The Tale of Princess Kaguya, daha önce ‘Heidi, Girl of the Alps’ serisini de yöneten Isao Takahata tarafından yönetilmiş, nefis bir Japon animasyonu. Tüm çizimleri elle yapılan film, naif görsellerin üstün bir hikâye anlatımı ile bütünleştiği tadına doyulmaz bir seyirlik.
Kaguya, Japonya kadar eski bir ülkenin tüm bilgeliğine sahip bir efsane ama senaryosunun da yazımında katkıda bulunmuş olan Isao Takahata’nın elinde, her ebeveyne ders olacak mesajlar içeren ve feminizm ögelerine de yer veren bir masala dönüşüyor.
The Tale of Princess Kaguya, Hollywood’un göz kamaştıran animasyon tekniklerine sahip değil. Bilâkis, son derece naif ve basit çizimlere sahip. Ve işte tam da bu yüzden çok güzel. Filmin prodüksiyonunu üstlenen Studio Ghibli*, empresyonizm akımının hayat veren fonunu kullanırken, kara kalem ve sulu boya renklendirmeler ile ulaştığı minimalist mükemmellik, Japon kültürünün özünü yakalıyor.

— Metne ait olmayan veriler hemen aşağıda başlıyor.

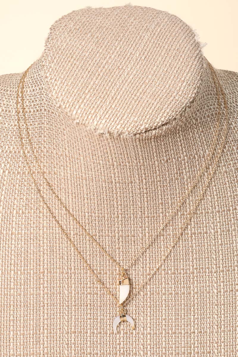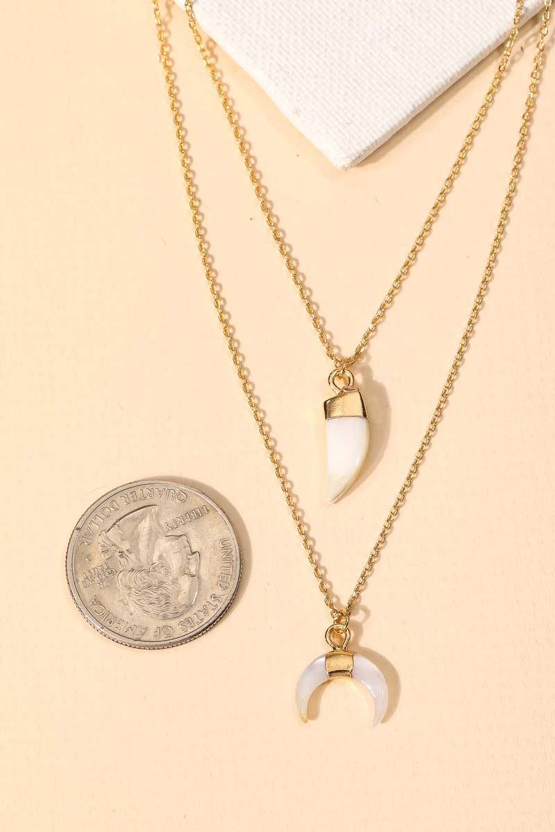 A charming chic unique must have trending in season necklace that features a layered chain tooth horn charm necklace design. Thi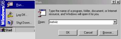 Select "Start" then Select "Run" from the Start Menu. Type "inetwiz" into the run field and Select "OK"

Film hakkında söylenebilecek tek negatif yorum, iki saat onyedi dakikalık süresinin, izleyiciyi biraz zorlayabileceği… Kaguya, bir çocuk filmi değil ama süresine dayanacak çocuklar izleyebilir. Kaguya, iç sızlatan bir ‘büyük’ masalı.
İzlerken pek çok kez gözlerim doldu. Kapalı toplumlarda, olgunluk çağına gelen genç kızların karşılaştığı pek çok zorluğu, olabilecek en masum dilde anlatıyor. Kaguya, Heidi gibi başlayıp, Altın Kafesteki Bülbül gibi devam ediyor ve E.T gibi bitiyor.
Ve çok güzel…
İzleyince hak vereceksiniz.
*Animasyon dalında ‘master-piece’ diyebileceğimiz pek çok filmin prodüksiyonunu yapmış olan Studio Ghibli; animasyonun ustası Hayao Miyakazi ve Isao Takahata tarafından kurulmuştur. İkili, 40 yılı aşkın bir süredir birlikte çalışmaktadır.